*** Opening of Supplied records ***
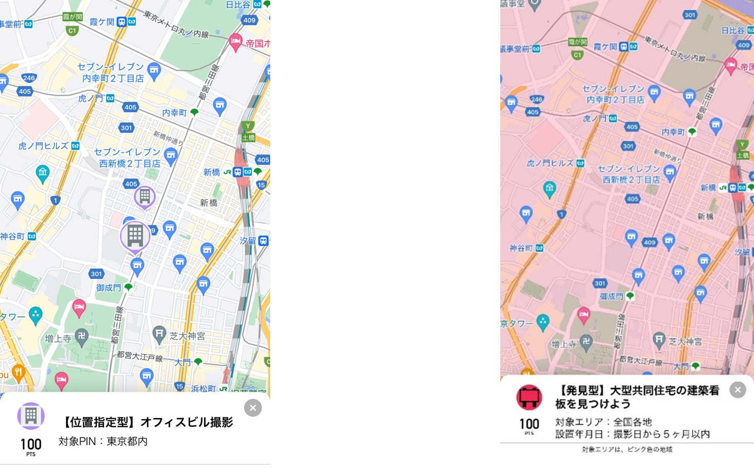対応可能な案件には①位置指定型と②発見型の2種類があります。位置指定型は、指定された箇所での写真撮影など、ピンポイントで必要な情報を収集します。発見型は対象エリア内で、必要な情報を発見した際に報告します。
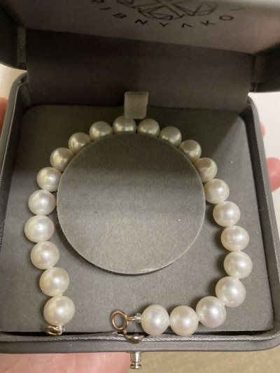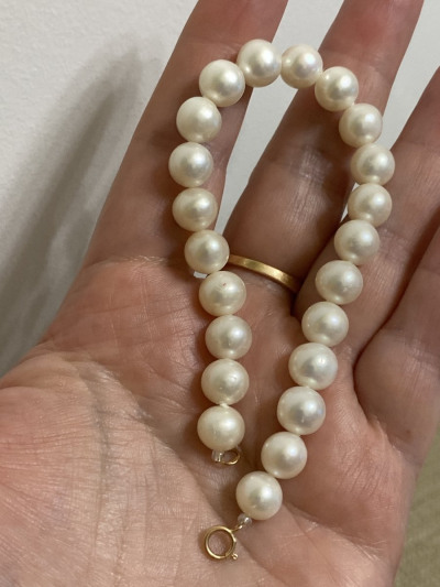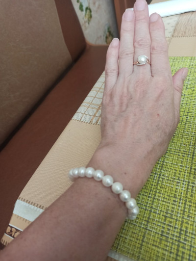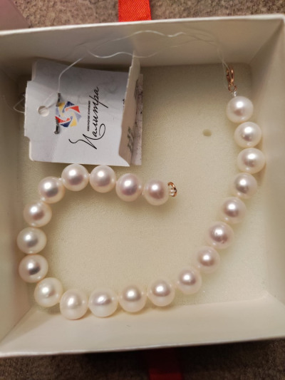 Отличный жемчужный браслет. Давно хотела. Застежка-красное золота 585 пробы, минус-маленькая и очень неудобная, невозможно самой застегнуть, нужна чья-то помощь.
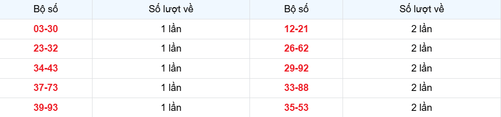Các cặp lô về ít nhất từ 19-10-2025 đến 25-10-2025
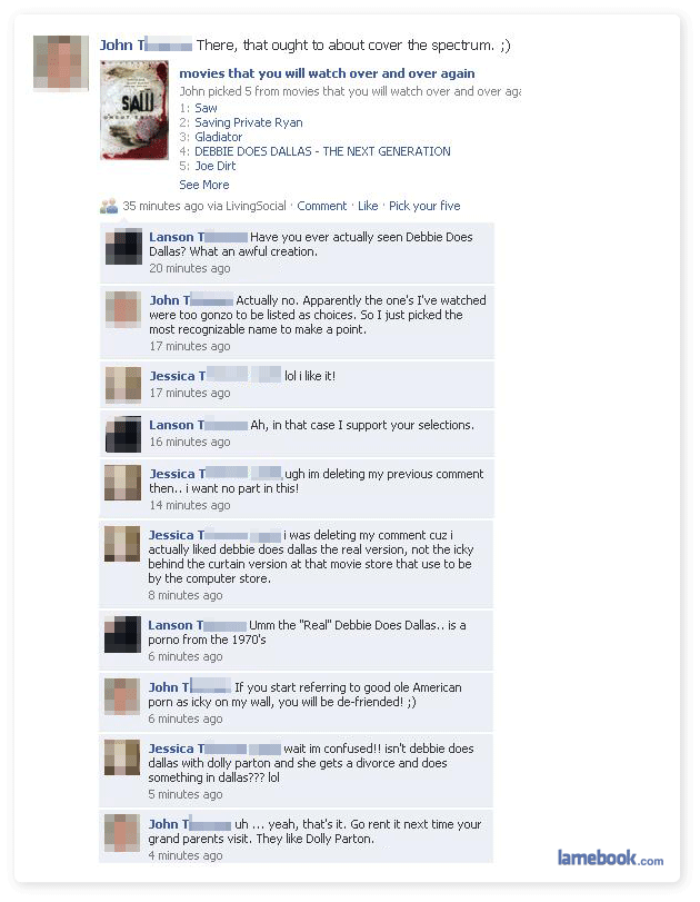“Debbie does Dallas” – a classic, seen it a couple of times, but as far as porn goes, there are better. “Deep throat” is a personal favourite. I relate to Linda Lovelace more.
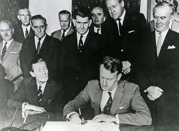 5 ноября 1964 года в Родезии прошел референдум по независимости. За независимость проголосовали 90% голосовавших при явке 61,9%. Этот результат вдохновил власти Родезии на одностороннее провозглашение независимости. Через год, 11 ноября 1965 года, правительство Родезии приняло заявление об одностороннем провозглашении независимости (на фото подписание Декларации о Независимости), (при этом формально Родезией правила королева, потому что родезийцы надеялись со временем получить статус доминиона). Реакция Великобритании не заставила себя ждать.
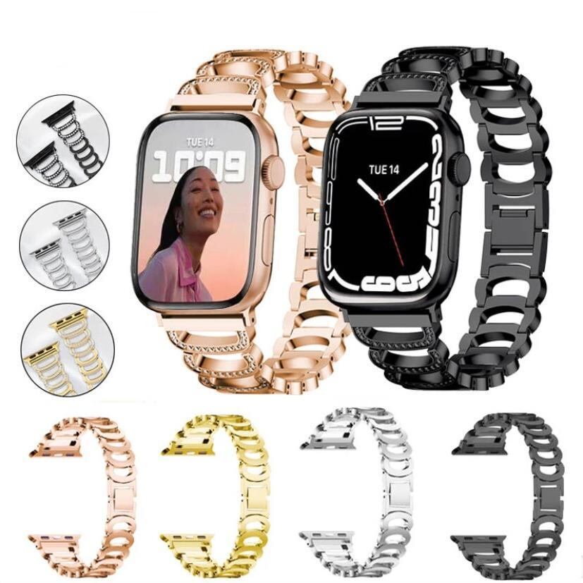 ラインストーン ステンレス ラウンドループデザイン エレガント 上品 アップルウォッチ 替えベルト バンド ★Apple Watch belt 38mm/41mm/42mm/40mm/44mm/45mm ★ [MO002]
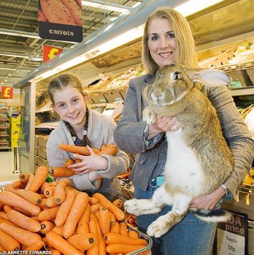 然而,這只4歲大的巨兔最終在2月被自己的伴侶艾米擊敗。由于身體過于龐大,艾米不得不睡在外面的狗窩里。每天,愛德華茲都要準(zhǔn)備足夠的兔食放到狗食碗里,除了兩個(gè)蘋果外,就是大量胡蘿卜、半顆卷心菜和新鮮干草。雖然食量驚人,但55歲的愛德華茲表示,艾米并不是一只超重的兔子,它的飲食習(xí)慣很健康。據(jù)悉,每天給艾米準(zhǔn)備的口糧價(jià)格高達(dá)10英鎊。
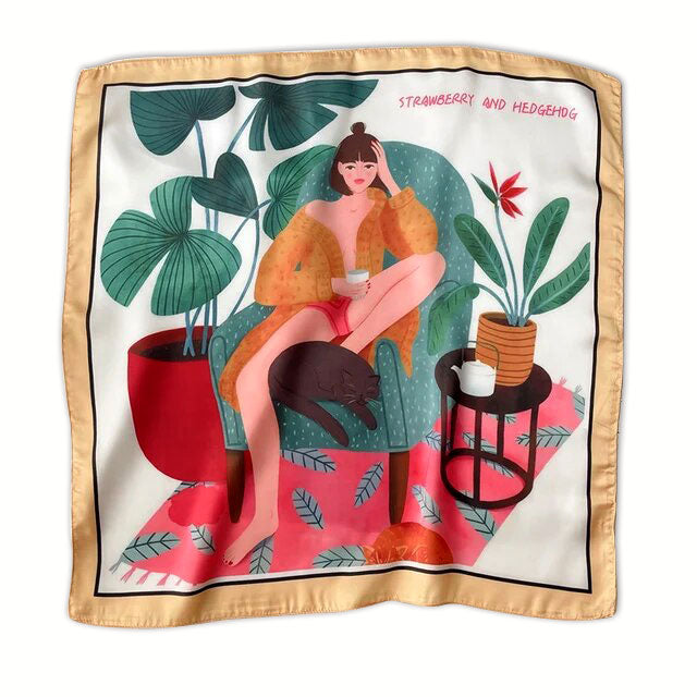 מטפחת צבעונית ומקסימה של נערה שקועה בכורסה עם חתול אהוב וצמחיה ססגונית. תוסיף נגיעה צבעונית וקורנת לכל הופעה, לתלייה על תיק, לקשירה בשיער ואפילו לתלייה בבית כאקססורי משגע.
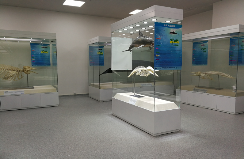 鯨豚標(biāo)本館簡介:鯨豚標(biāo)本館于2017年初步建成并正式對公眾開放,是目前國內(nèi)為數(shù)不多專門展示鯨豚標(biāo)本的平臺。目前展示的7副鯨豚標(biāo)本中,包括中華白海豚骨骼標(biāo)本1副,小抹香鯨皮質(zhì)和骨骼標(biāo)本各1副,短肢領(lǐng)航鯨皮質(zhì)和骨骼標(biāo)本各1副,長吻飛旋海豚皮質(zhì)和骨骼標(biāo)本各1副。全部鯨豚標(biāo)本均為在海南島周邊擱淺死亡的個體,其中中華白海豚標(biāo)本以及小抹香鯨標(biāo)本均為相應(yīng)物種在海南島發(fā)現(xiàn)的首個擱淺死亡個體。
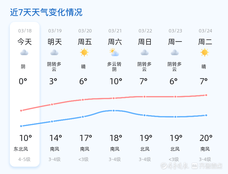 未来三天,聊城市的气温将呈现逐步回升的趋势,最高温度将达到17℃,最低温度保持在0℃左右。其中,3月20日为晴天,3月21日为多云转阴,3月22日至3月23日则以阴转多云为主。建议市民根据天气变化适时增减衣物,特别是在阴雨天气中,注意防滑和行车安全。
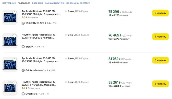- MacBook Air 13 M4 (16/256 Гбайт) — 75 300 рублей. Прошлый месяц — 90 500 рублей
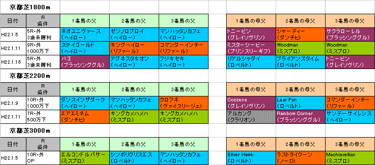 ○は父フサイチソニック(ダンチヒ系)×母父リアルシャダイ(ロベルト系)のドリームフライト。ダンチヒ系の中でもフサイチソニックと同じデインヒル系のエアエミネム産駒が2200mで勝っていますし、土曜日の芝1800mで母父リアルシャダイが1着。
*** Close of Supplied records ***
Exercise description: From the records above, output only the lines starting at the one containing "鯨豚標(biāo)本館簡介:鯨豚標(bi" and ending at the one containing "未来三天,聊城市的气温将呈现", word for word. Pictures stay out.

Solved exercise:
 鯨豚標(biāo)本館簡介:鯨豚標(biāo)本館于2017年初步建成并正式對公眾開放,是目前國內(nèi)為數(shù)不多專門展示鯨豚標(biāo)本的平臺。目前展示的7副鯨豚標(biāo)本中,包括中華白海豚骨骼標(biāo)本1副,小抹香鯨皮質(zhì)和骨骼標(biāo)本各1副,短肢領(lǐng)航鯨皮質(zhì)和骨骼標(biāo)本各1副,長吻飛旋海豚皮質(zhì)和骨骼標(biāo)本各1副。全部鯨豚標(biāo)本均為在海南島周邊擱淺死亡的個體,其中中華白海豚標(biāo)本以及小抹香鯨標(biāo)本均為相應(yīng)物種在海南島發(fā)現(xiàn)的首個擱淺死亡個體。
 未来三天,聊城市的气温将呈现逐步回升的趋势,最高温度将达到17℃,最低温度保持在0℃左右。其中,3月20日为晴天,3月21日为多云转阴,3月22日至3月23日则以阴转多云为主。建议市民根据天气变化适时增减衣物,特别是在阴雨天气中,注意防滑和行车安全。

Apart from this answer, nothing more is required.